Mother to one of the other contenders for the throne, Catelyn Stark has her own troubles as the novel opens: a dying father, worry over her son's fate in battle, and guilt over her secret release of Jaime Lannister in the hope of recovering her daughters. When Robb returns, he brings news that makes the desperate situation of House Stark even worse. The youthful King in the North has won every battle, and yet finds himself in danger of losing the war.
Separated by distance from the intrigues of southern Westeros, Jon Snow and Daenerys Targaryen continue their isolated storylines. Jon is posing as one of the wildlings to bring information about their intentions back to his brothers on the Night's Watch, but he discovers that keeping to his vows while posing as a spy may not be as easy as he had believed. The unusual ethics and (sometimes literally) larger-than-life behavior of the wildlings enriches the astonishingly deep milieu of the series yet further. As does Slaver's Bay, the region in which Daenerys arrives early in the book. In need of an army, she considers buying the fiercely loyal, viciously trained troops known as the Unsullied from the slave city Astapor. But such a purchase demands a high price, and the young queen's way of paying it may bring her more trouble than triumph.

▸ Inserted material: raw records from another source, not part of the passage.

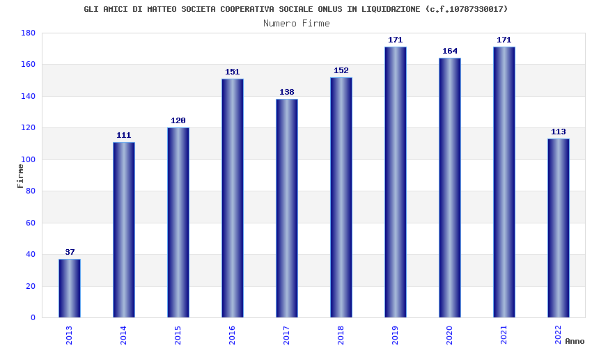 | Anno | Firme | Importi | Media | Naz. | Reg. | Prov. | Comu. |
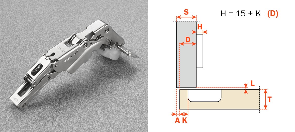 C2AKAE9 con grande angolo di apertura a ingombro ridotto Profondità della scatola in zama13.5mm, apertura 155° Silentia
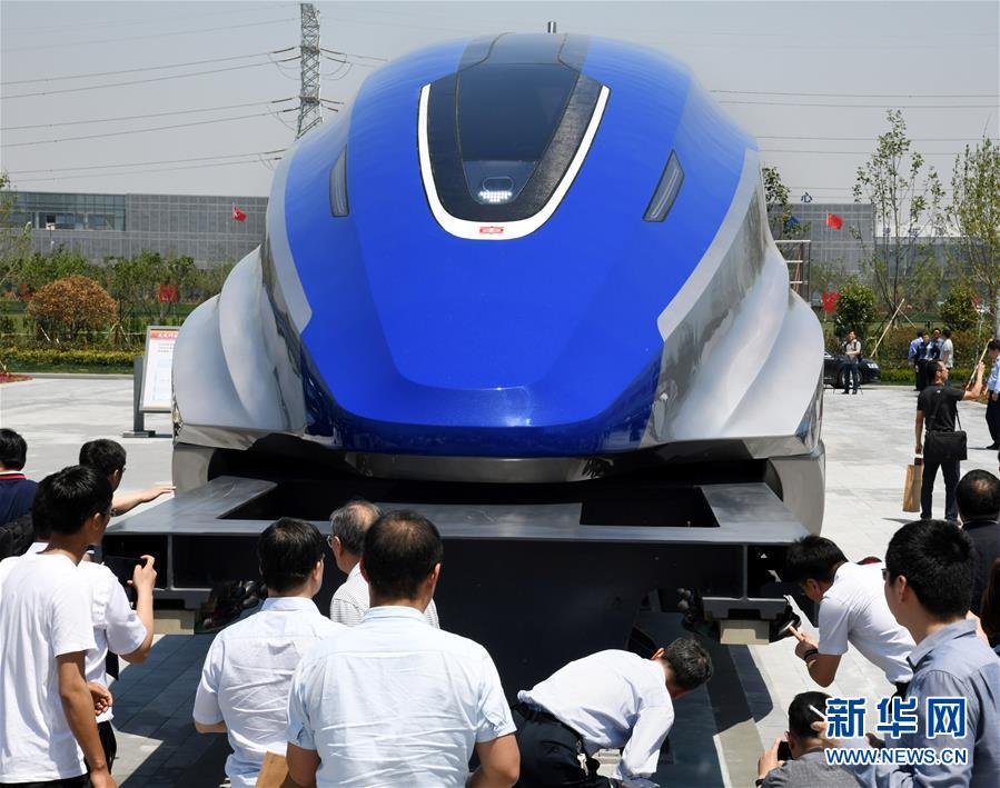 5月23日,人們在時速600公里高速磁浮試驗樣車下線儀式上參觀。新華社記者李紫恒 攝
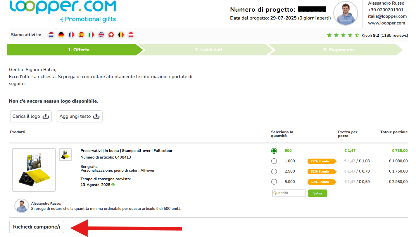 Vedrai un pulsante o un link con l’etichetta “Richiedi un campione” nel riepilogo della tua offerta.
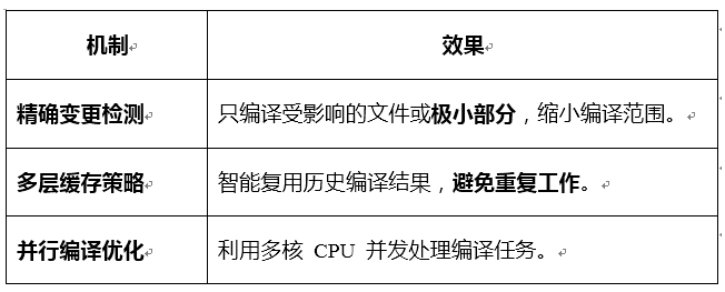 3. 增量编译:智能提高开发效率增量编译通过以下三重机制确保编译高效性,特别有利于大型项目和高频的代码修改:
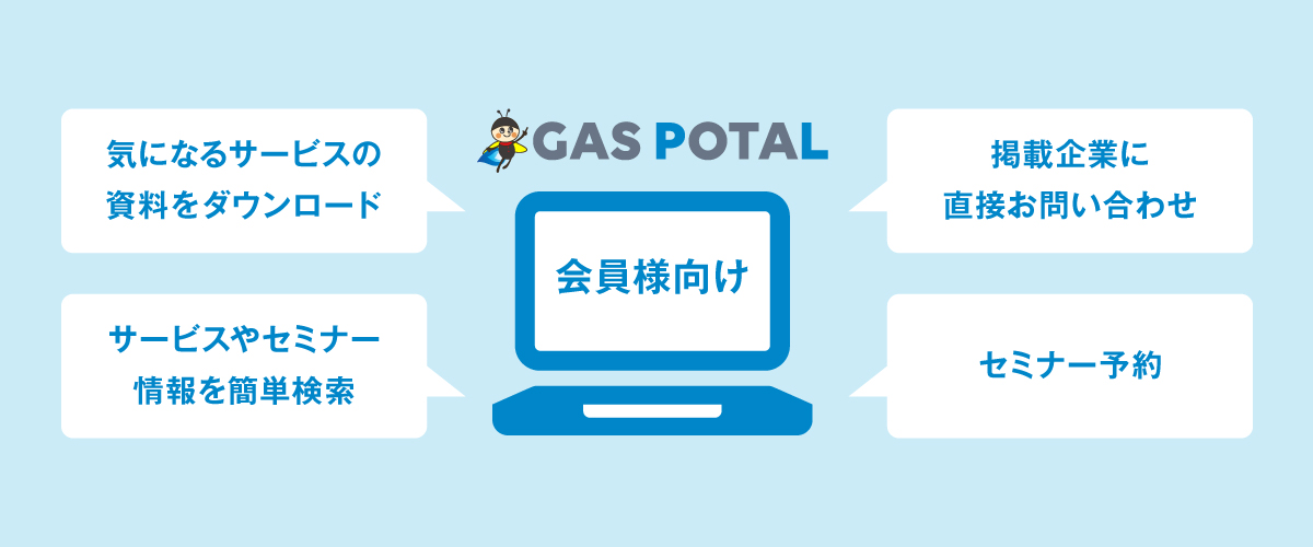 会員は、サービスやセミナーの検索に加え、GAS POTAL上から直接資料をダウンロードできます。
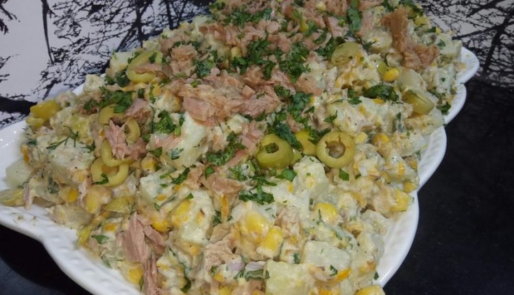 المكونات : كمية من البطاطس مقطعة مربعات +ذرة معلبة (ماييس) +علبة تونة + 2 ملاعق كبيرة قزبرة و معدنوس مفرومين + زيتون أسود مقطع دوائر + 2ملاعق كبيرة مايونيز +خل الليمون +فلفل أسود +ملح +زيت الزيتون للتزيين: بيض مسلوق.
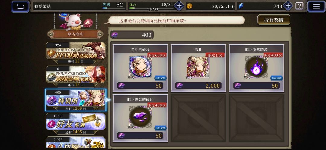 说了觉醒材料就说下碎片商店(召唤旁边那个)这个商店是很重要的,觉醒材料很多靠这里,记住到时间了就买,记得刷新,第一次免费第二次10钻,后面的看自己钻多少。建议金币能买的全买完,开局金币很多。后面再根据需求买。
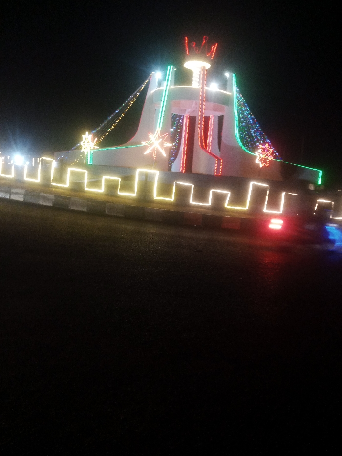 - "A low-angle night shot features a central white structure adorned with vibrant holiday lights" by FM-9JAB42, licensed under CC BY 4.0
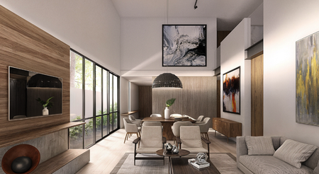 En el primer nivel, el diseño se destaca con una sala y comedor a doble altura, realzados por puertas de cancillería, lo que intensifica la entrada de luz natural, y amplifica la sensación de espacio y apertura. En contraste, el segundo nivel se centra en la privacidad y el confort, albergando la mayoría de las recámaras en un entorno cuidadosamente diseñado para ofrecer tranquilidad y bienestar.
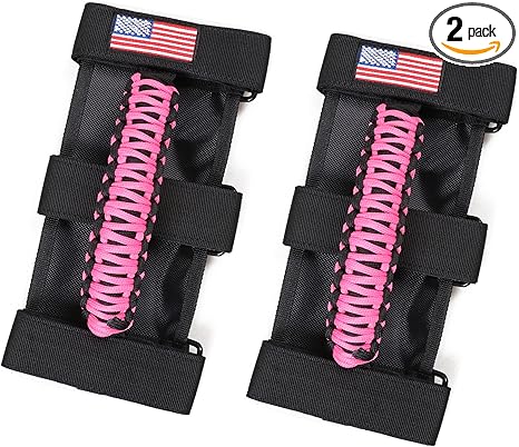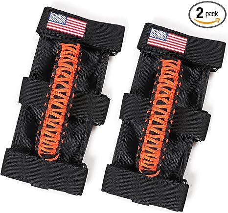 【FITMENT】For Jeep handles grab fit 2.0-4.0 inch roll bar 1945-2023 Jeep Wrangler CJ YJ LJ TJ JK JL accessories 2 door 4 door & Jeep Gladiator JT accessories, ATV, UTV (Does not work with sky one touch roof, Not for 2024+ up). 【SUPERIOR MATERIAL】Material made of the thickened paracord grab handles, metal buckle, waterproof oxford cloth, Resistant to pull, sturdy durable. Suitable for the rear of JL cars and all wrangler roll bar padding. 【GOOD PERFORMANCES】 For Jeep roll bar grab handles can help to remove the insecure feeling when traveling without doors and nothing to grab on to. Provide you with strong support as you get on or off the bus or encounter bumpy roads…
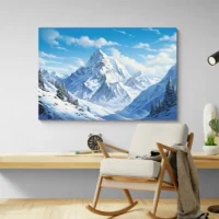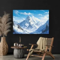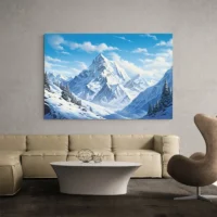 Le visuel reste simple et fort. On trouve peu d'éléments superflus, juste la montagne, la neige et le ciel. Cette toile plaît à qui aime les paysages, les lignes claires et les ambiances hivernales. Elle évoque le silence, la fraîcheur et la grandeur des sommets. On ressent tout de suite la pureté de l'air, la lumière nette, le calme.
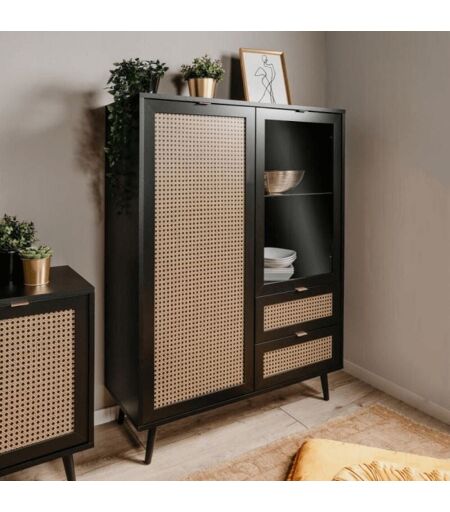 CALICOSY Vitrine Vienna53A 2 portes et 2 tiroirs noir avec façades effet tressage
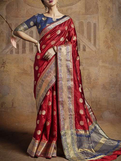contrast striped pallu banarasi saree with blouse
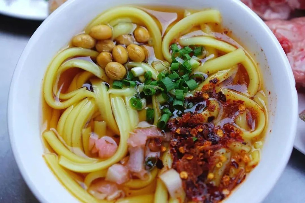 郎岱凉粉是六枝街头常见的特色美食,主料是米浆制作的凉粉,搭配黄豆、郎岱酱、岩脚醋等佐料,酸爽可口。
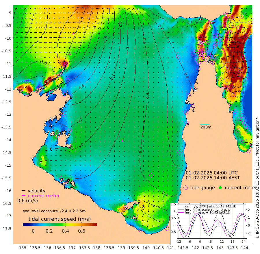 38cm/s -89T +3cm/s rms + 7cm/s -42T. ARA-GOC87 57m 31cm/s 176T +3cm/s rms + 2cm/s -2T. ARA-GOC87 60m 48cm/s -95T +2cm/s rms + 3cm/s 61T. ARA-GOC87 47m 63cm Daru 34cm Bobo Island -31cm Meer Island Barge -24cm Bramble Cay 16cm Unnamed Cay 16cm Pearce Cay 3cm Stephens Island 3cm Merrie England Shoals 51cm Mutacomal Reef -2cm Darnley Island Barge -33cm East Cay 29cm Yorke Island Barge 41cm Rennel Island 38cm Aureed Island 80cm Dungeness Reef 131cm Zagai Island 140cm Yam Island 200cm Dauan Island 183cm Saibai Island 188cm Phipi Reef 156cm Warrior Reef - West 165cm Mabuiag Island Barge 37cm Half Way Island 73cm Coconut Island 62cm Dugong Islet 106cm Poll Island 107cm Kirkcaldie Reef 150cm Suarji Island 110cm Sue Islet 141cm Hawkesbury Island 150cm Alert Patches 141cm Twin Island 154cm Badu Island 164cm St Pauls (Moa Island) 144cm Kubin (Moa Island) 154cm Ince Point 153cm Thursday Island 155cm Nardana Patches 151cm Turtle Head 134cm Round Island 132cm Goods Island 130cm Booby Island 120cm White Rocks Area 106cm Carpentaria 132cm Papou Point 121cm Bampfield Head 116cm Crab Island 132cm Red Wallis Island 142cm Packe Island 68cm Harrington Reef 148cm Herald Camp 58cm Sharp Point 130cm Red Island Point 130cm Possession Island 120cm Alpha Rock 111cm Frederick Point 58cm Wyborn Reef Light 73cm Tetley Island -3cm Triangle Reef 47cm Turtle Head Island -16cm Maclennan Cay -36cm Raine Island 18cm Mcsweeny Reef 6cm Collette Reef -16cm Shadwell Reef -6cm Hannibal Island -25cm Round Point 105cm Vrilya Point -22cm Cape Grenville -23cm Hicks Island -16cm Sir Charles Hardy Island -5cm Harvey Island -41cm Kay Reef -37cm Rocky Island -43cm Chapman Island -39cm Ham Reef -36cm Jubilee Reef -29cm Night Island -38cm Unnamed Reef No. 3 -42cm Morris Island -33cm 1st 3 Mile Opening -35cm Creech Reef -36cm Fife Island -67cm Eden Reef -46cm Stanley Island -61cm Normanby River -214cm Yabooma Island -241cm Hutchison River -219cm Elcho Island -205cm North West Crocodile Island -163cm Cape Wessel -209cm Stevens Island -140cm Guluwuru Island -199cm Hopeful Bay -175cm Auster Point -179cm Two Island Bay -213cm Cadell Strait -145cm Mallison Island -130cm Melville Bay (Gove Harbour) -137cm Truant Island -84cm Cape Arnhem -63cm Cape Grey -52cm Hawk Island -45cm Milner Bay (Groote Eylandt) -25cm Cape Beatrice 9cm West Island 7cm Centre Island 31cm Mornington Island 31cm West Wellesley Islands 17cm Bountiful Island -11cm Albert River Mouth -40cm Sweers Island 10cm Karumba 61cm Nassau River Offshore 86cm Christmas Creek 75cm Archer River 87cm Boyd Point 86cm Weipa (Humbug Point) 77cm Pennefather River 104cm Cullen Point
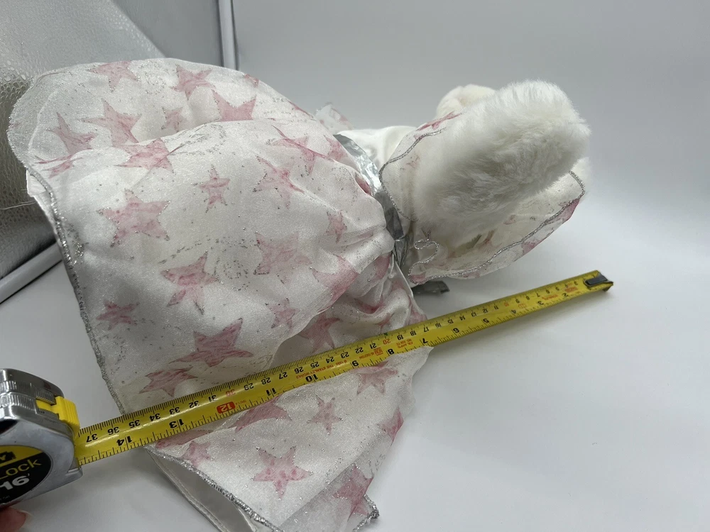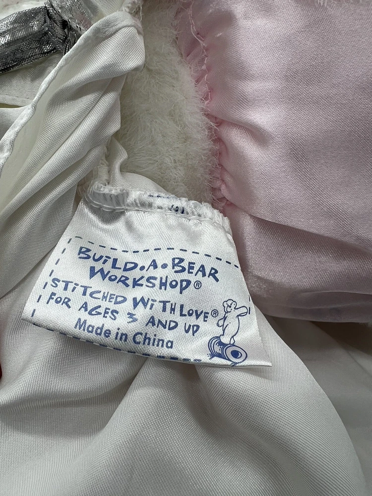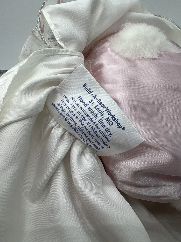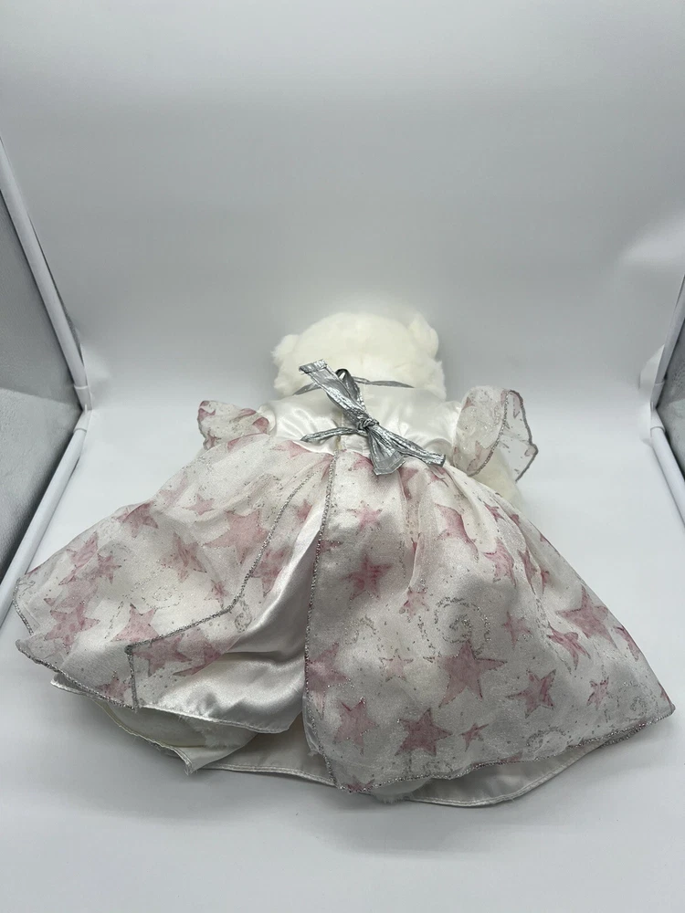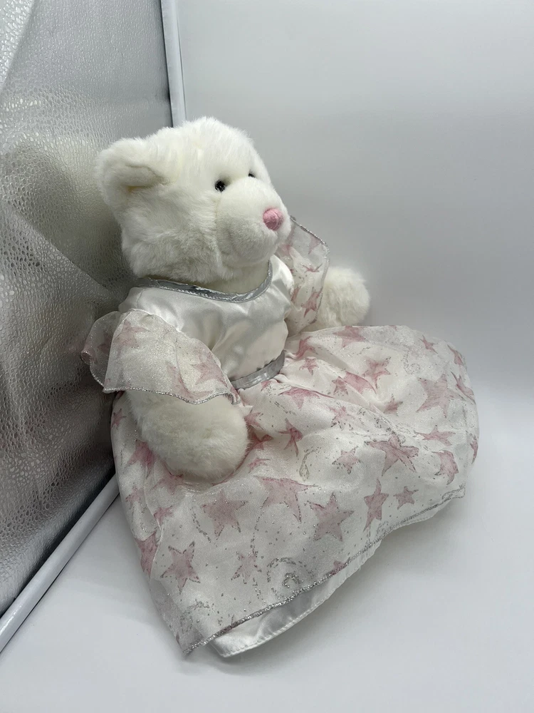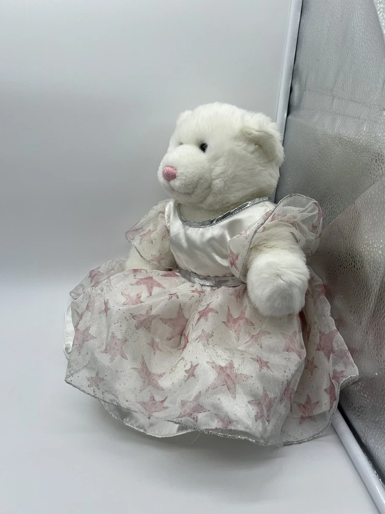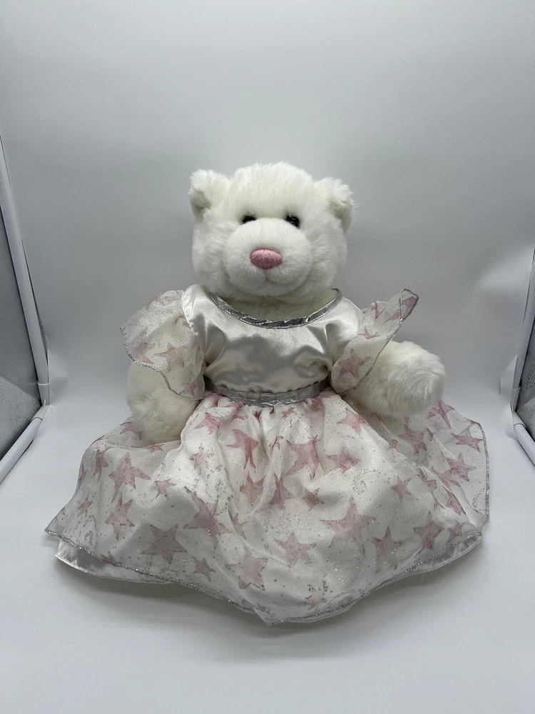 Build A Bear White Bear Pink Nose Plush Stuffed Animal with dress. Used. Item: N10
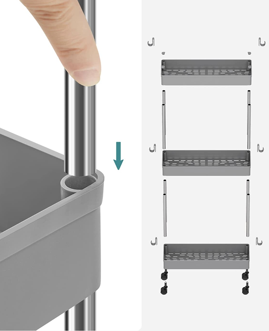 Кухонная тележка оснащена колесами, которые позволяют легко передвигать ее по кухне. Благодаря этому его можно свободно перемещать в разные места, что особенно полезно при готовке, когда нужен быстрый доступ к различным инструментам.

All these storylines, and several others, evolve toward a major turning point, the end of the first movement in George R. R. Martin's very long story and the beginning of the second. The last third of the novel is so loaded with vivid sequences and jaw-dropping developments that my other complaints come to seem like quibbling. I do believe that A Storm of Swords is the least of the first five books in A Song of Ice and Fire, but that simply means it's the weakest length in a remarkably strong chain.